• **Supplied records**
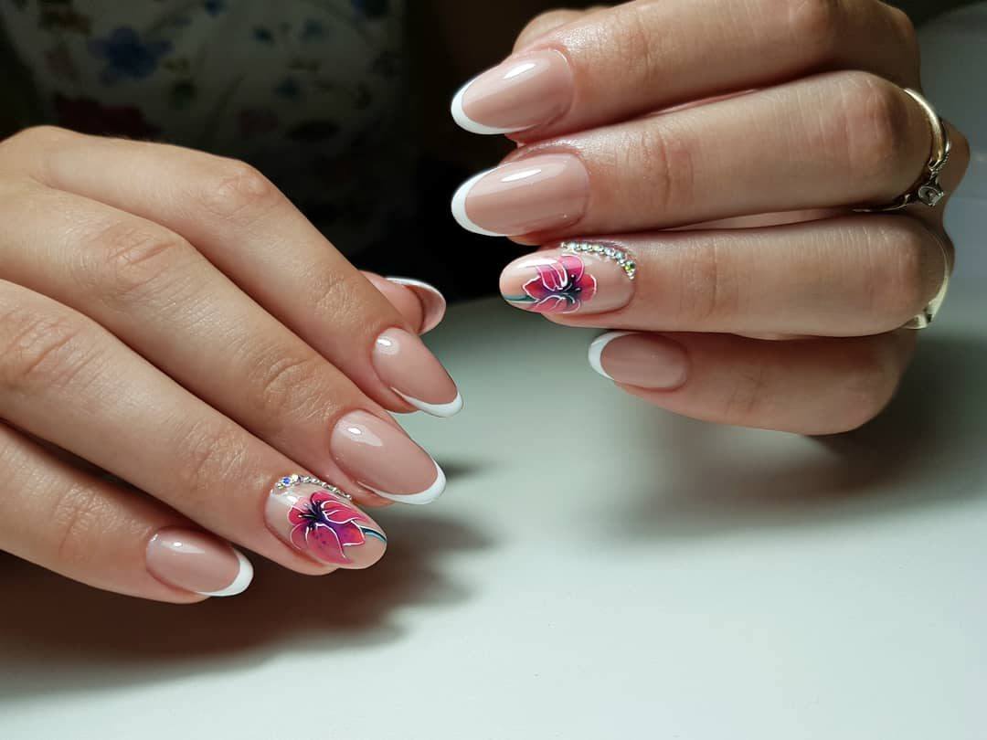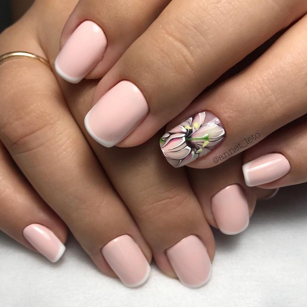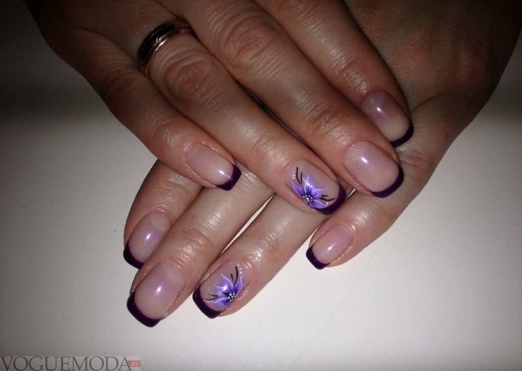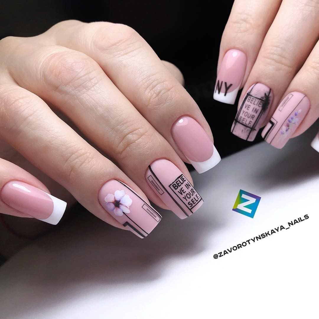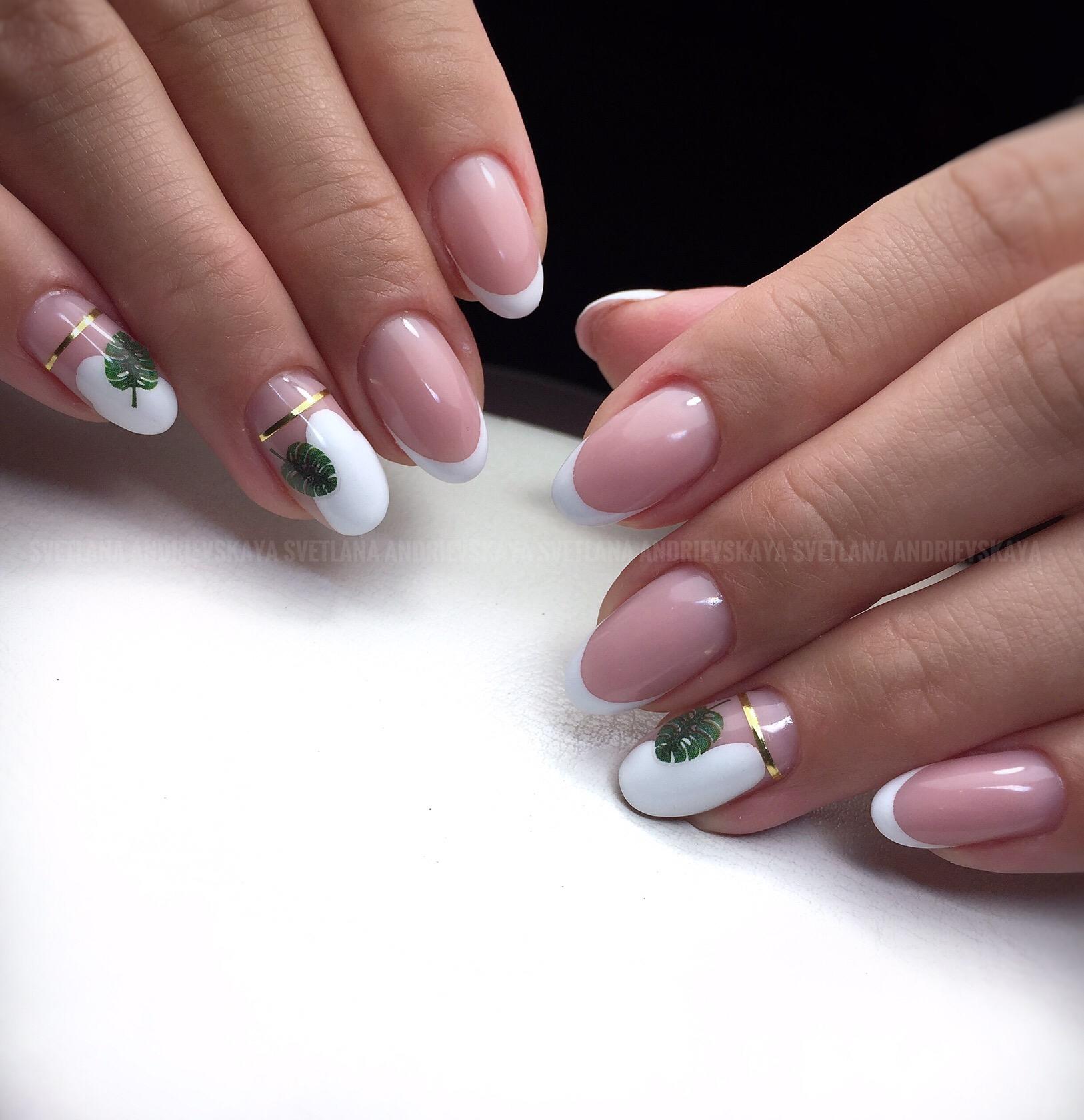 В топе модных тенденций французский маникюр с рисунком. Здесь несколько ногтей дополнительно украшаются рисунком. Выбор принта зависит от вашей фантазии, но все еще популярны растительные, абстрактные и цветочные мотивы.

---

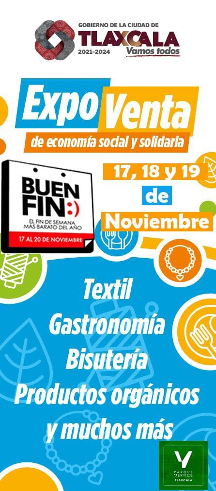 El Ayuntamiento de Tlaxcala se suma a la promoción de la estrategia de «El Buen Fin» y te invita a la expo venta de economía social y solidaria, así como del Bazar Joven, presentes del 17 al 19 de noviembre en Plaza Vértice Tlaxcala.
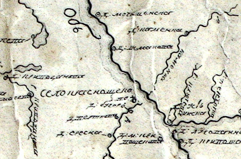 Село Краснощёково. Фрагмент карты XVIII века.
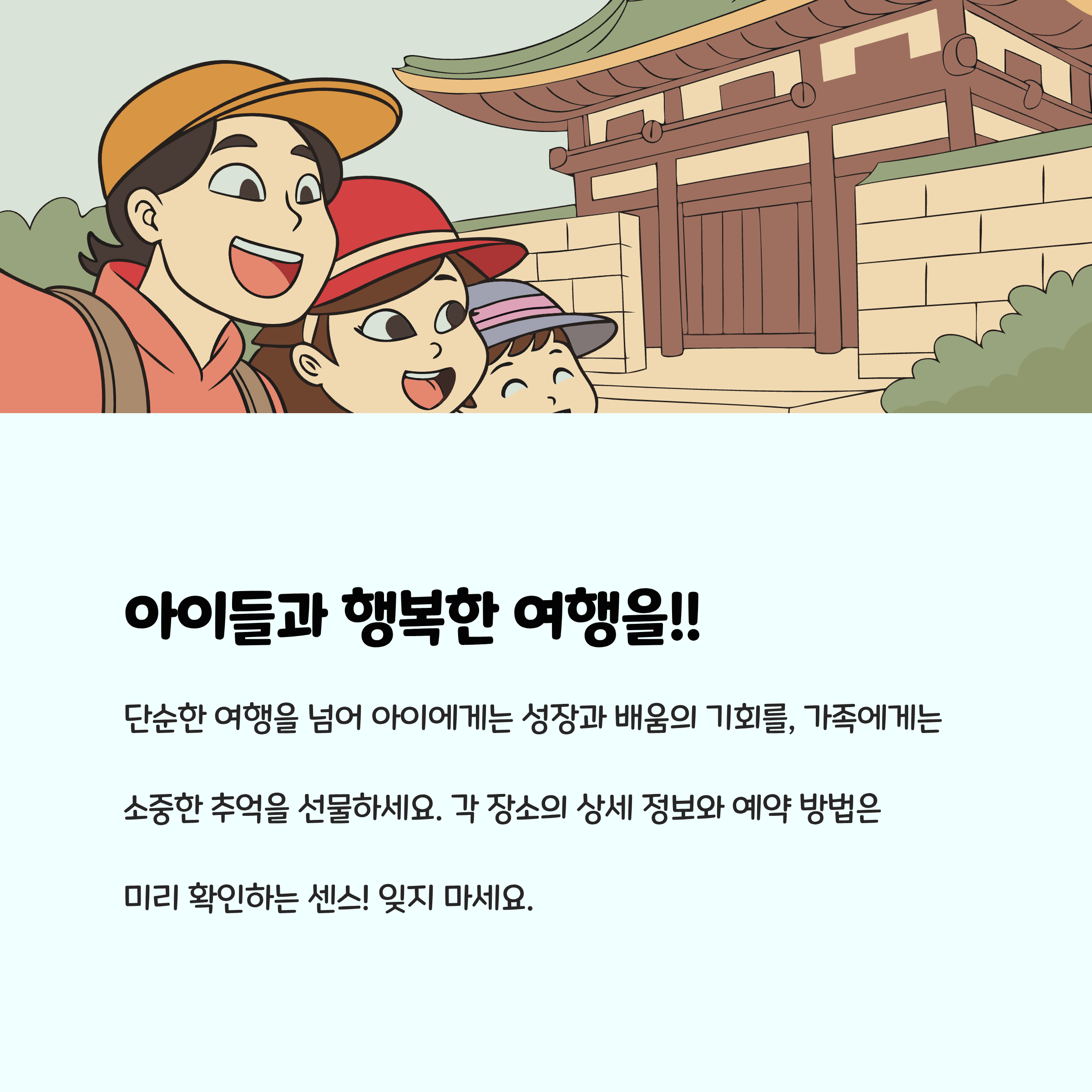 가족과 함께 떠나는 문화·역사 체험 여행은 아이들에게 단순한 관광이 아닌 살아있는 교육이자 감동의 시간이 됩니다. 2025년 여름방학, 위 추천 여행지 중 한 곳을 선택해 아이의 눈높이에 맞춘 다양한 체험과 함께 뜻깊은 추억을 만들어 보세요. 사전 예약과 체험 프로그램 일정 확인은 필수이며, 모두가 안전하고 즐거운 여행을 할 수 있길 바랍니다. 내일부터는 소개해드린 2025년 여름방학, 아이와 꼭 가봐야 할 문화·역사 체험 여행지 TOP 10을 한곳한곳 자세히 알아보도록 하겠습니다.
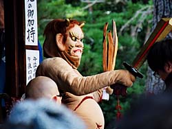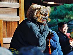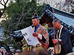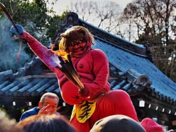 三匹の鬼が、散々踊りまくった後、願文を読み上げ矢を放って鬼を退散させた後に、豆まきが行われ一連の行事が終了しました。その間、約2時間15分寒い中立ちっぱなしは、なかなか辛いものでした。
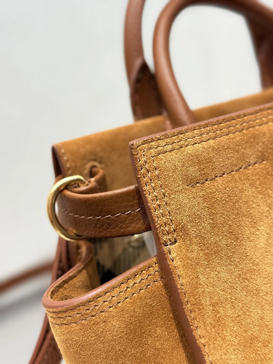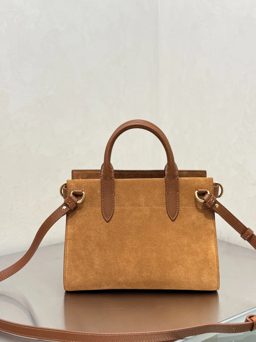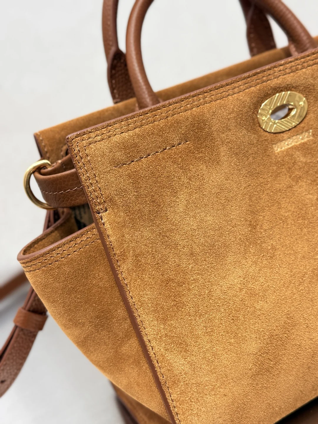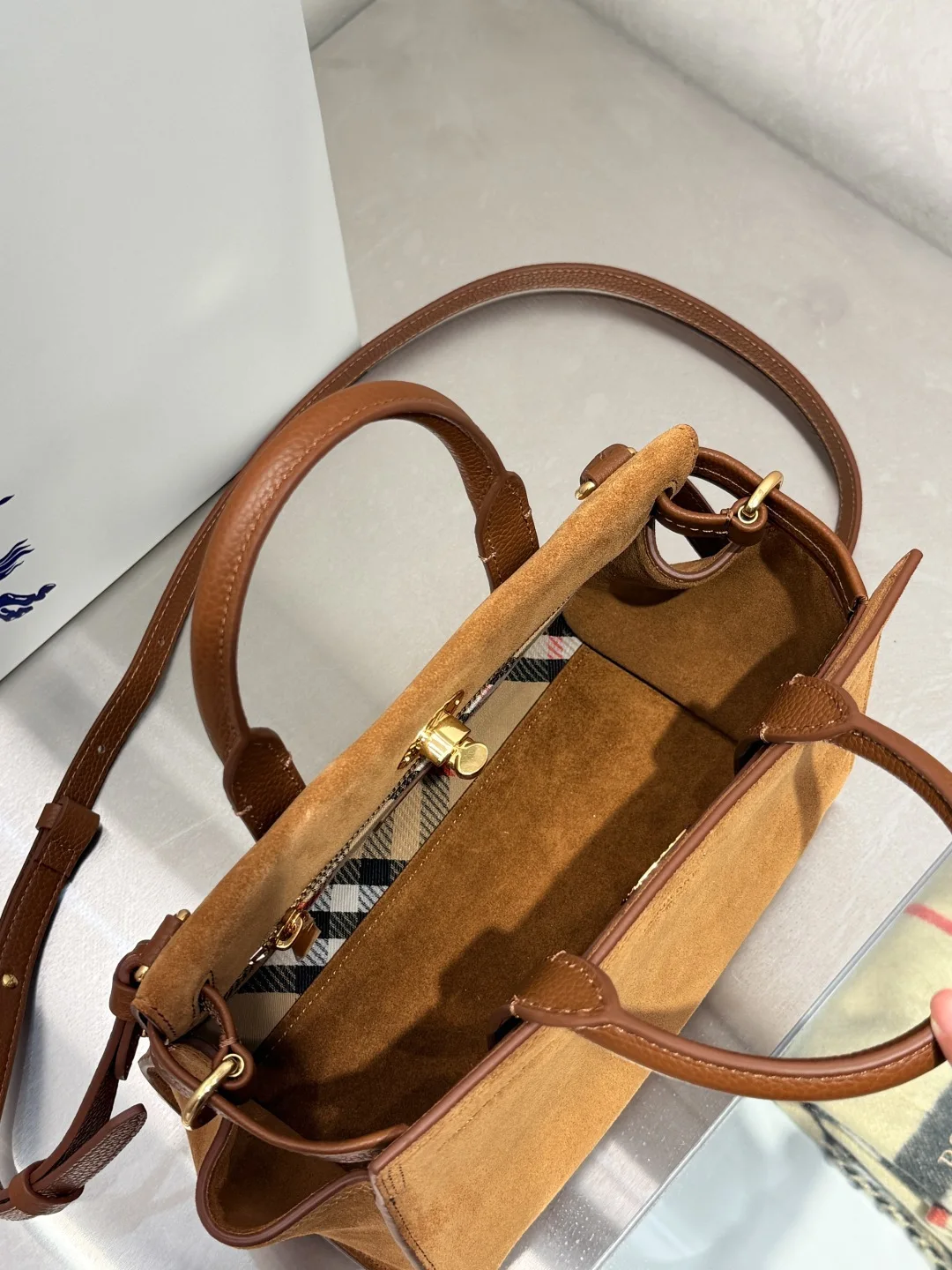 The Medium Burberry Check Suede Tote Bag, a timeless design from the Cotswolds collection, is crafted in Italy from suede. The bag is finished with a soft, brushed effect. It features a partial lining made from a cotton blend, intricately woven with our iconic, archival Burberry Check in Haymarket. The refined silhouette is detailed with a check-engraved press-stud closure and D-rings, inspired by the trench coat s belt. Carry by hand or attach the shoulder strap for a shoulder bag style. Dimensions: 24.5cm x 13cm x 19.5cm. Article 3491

• **What you have to do**
Reproduce, word for word, everything in the listing above from the line containing "El Ayuntamiento de" down to the line containing "The Medium Burberry", both of them included. No pictures.

• **Result of this task**
 El Ayuntamiento de Tlaxcala se suma a la promoción de la estrategia de «El Buen Fin» y te invita a la expo venta de economía social y solidaria, así como del Bazar Joven, presentes del 17 al 19 de noviembre en Plaza Vértice Tlaxcala.
 Село Краснощёково. Фрагмент карты XVIII века.
 가족과 함께 떠나는 문화·역사 체험 여행은 아이들에게 단순한 관광이 아닌 살아있는 교육이자 감동의 시간이 됩니다. 2025년 여름방학, 위 추천 여행지 중 한 곳을 선택해 아이의 눈높이에 맞춘 다양한 체험과 함께 뜻깊은 추억을 만들어 보세요. 사전 예약과 체험 프로그램 일정 확인은 필수이며, 모두가 안전하고 즐거운 여행을 할 수 있길 바랍니다. 내일부터는 소개해드린 2025년 여름방학, 아이와 꼭 가봐야 할 문화·역사 체험 여행지 TOP 10을 한곳한곳 자세히 알아보도록 하겠습니다.
 三匹の鬼が、散々踊りまくった後、願文を読み上げ矢を放って鬼を退散させた後に、豆まきが行われ一連の行事が終了しました。その間、約2時間15分寒い中立ちっぱなしは、なかなか辛いものでした。
 The Medium Burberry Check Suede Tote Bag, a timeless design from the Cotswolds collection, is crafted in Italy from suede. The bag is finished with a soft, brushed effect. It features a partial lining made from a cotton blend, intricately woven with our iconic, archival Burberry Check in Haymarket. The refined silhouette is detailed with a check-engraved press-stud closure and D-rings, inspired by the trench coat s belt. Carry by hand or attach the shoulder strap for a shoulder bag style. Dimensions: 24.5cm x 13cm x 19.5cm. Article 3491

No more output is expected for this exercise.